I have created a docker image with the following Dockerfile
FROM python:latest
WORKDIR /root/my_dir
COPY requirements.txt ./
RUN apt-get update &&\
apt-get upgrade -y &&\
apt-get install -y curl &&\
apt-get install nano &&\
pip3 install -r requirements.txt &&\
and then I use it as service describing it in the docker-compose.yaml
version: '2.2'
services:
my_service:
image: my_image
volumes:
- /root/my_dir:/root/my_dir
- /usr/local/cuda-11.0:/usr/local/cuda-11.0
environment:
- LD_LIBRARY_PATH=/usr/local/cuda-11.0/targets/x86_64-linux/lib
command: ["python3"]
stdin_open: true
tty: true
cuda:
image: nvidia/cuda:11.0.3-devel-ubuntu16.04
runtime: nvidia
environment:
- NVIDIA_VISIBLE_DEVICES=all
command: nvidia-smi
deploy:
resources:
reservations:
devices:
- driver: nvidia
count: 0
capabilities: [gpu]
driver: nvidia
Versions:
Docker version 20.10.7, build f0df350
docker-compose version 1.29.0, build 07737305
docker-ce 5:20.10.7~3-0~ubuntu-xenial
docker-ce-cli 5:20.10.7~3-0~ubuntu-xenial
docker-ce-rootless-extras 5:20.10.7~3-0~ubuntu-xenial
docker-scan-plugin 0.8.0~ubuntu-xenial
nvidia-docker2 2.11.0-1
On my machine, I have installed cuda 11.0, and I use python 3.8 and tensorflow 2.4.0 as stated here
https://www.tensorflow.org/install/source#gpu
I run the container with:
docker-compose up
all seems go well, but then when I attach to the container, I try to import tensorflow with python, but it gives me
Could not load dynamic library 'libcudart.so.11.0'; dlerror: libcudart.so.11.0: cannot open shared object file: No such file or directory;
I also tried to set the same env variables as outside the container
LD_LIBRARY_PATH=/usr/local/cuda-11.0/lib64
CUDA_HOME=/usr/local/cuda-11.0
PATH=$PATH:/usr/local/cuda-11.0/bin
but it has any effect.
I also tried several cuda docker images, nothing to do.

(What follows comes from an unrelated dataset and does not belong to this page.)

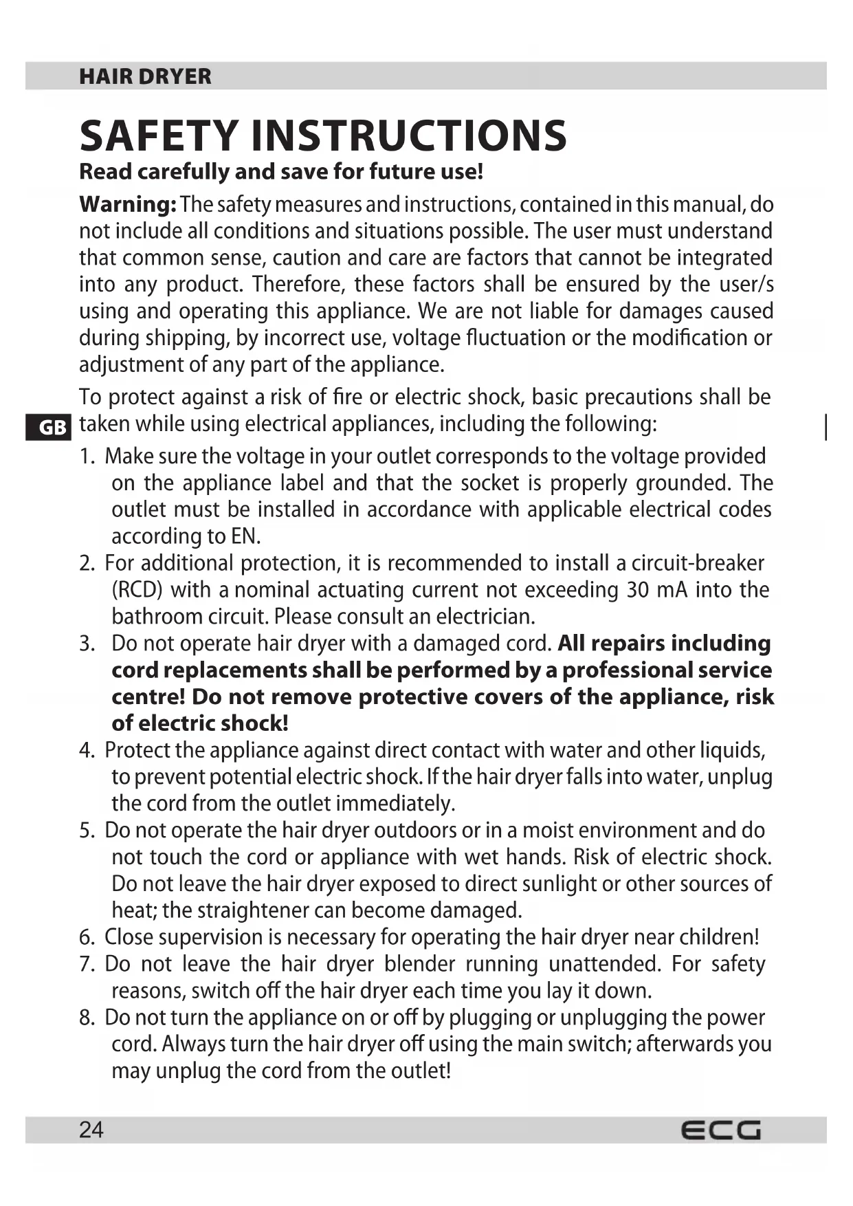 VV 2200 - Hair dryer ECG - Free user manual and instructions

CodePudding user response:
The problem is that you created in the docker composed two different services that cannot communicate with each other.

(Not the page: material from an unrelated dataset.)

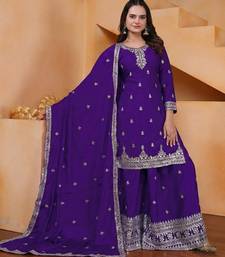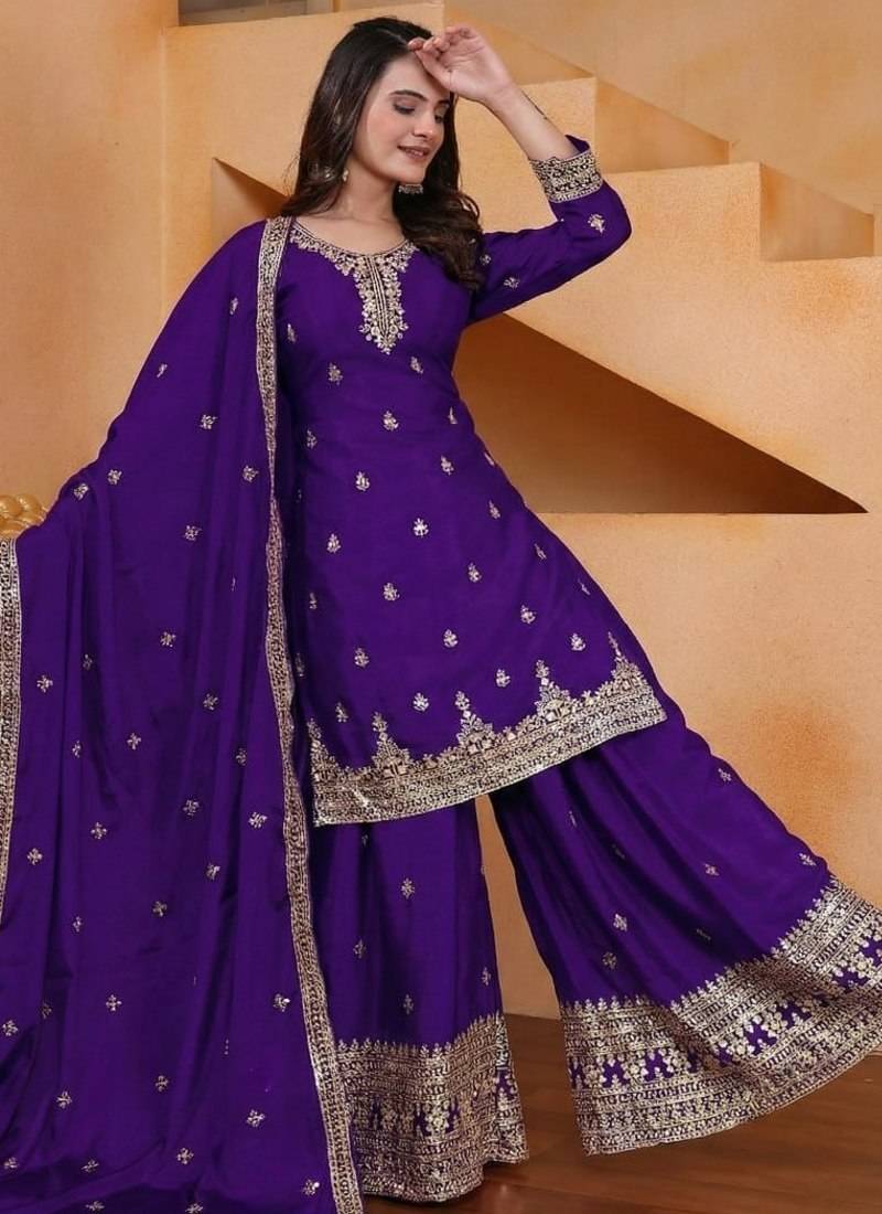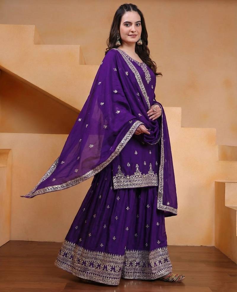 Designer chinnon embroidered sharara suit stitched

The best thing to do is to create an image with CUDA in which you install python and the requirememnts.txt.\
This is a sample of docker file:
FROM nvidia/cuda:11.2.0-cudnn8-runtime-ubuntu20.04
WORKDIR /root/my_dir
COPY requirements.txt ./
RUN apt-get update && apt-get upgrade -y &&\
apt-get install -y python3 python3-pip nano
RUN pip3 install --upgrade pip && pip3 install -r requirements.txt
ENV NVIDIA_VISIBLE_DEVICES all
ENV NVIDIA_DRIVER_CAPABILITIES compute,utility
And this is the docker compose:
version: '2.2'
services:
my_service:
build: .
volumes:
- /root/my_dir:/root/my_dir
command: ["bash"]
stdin_open: true
deploy:
resources:
reservations:
devices:
- driver: nvidia
count: 1
capabilities: [gpu]
driver: nvidia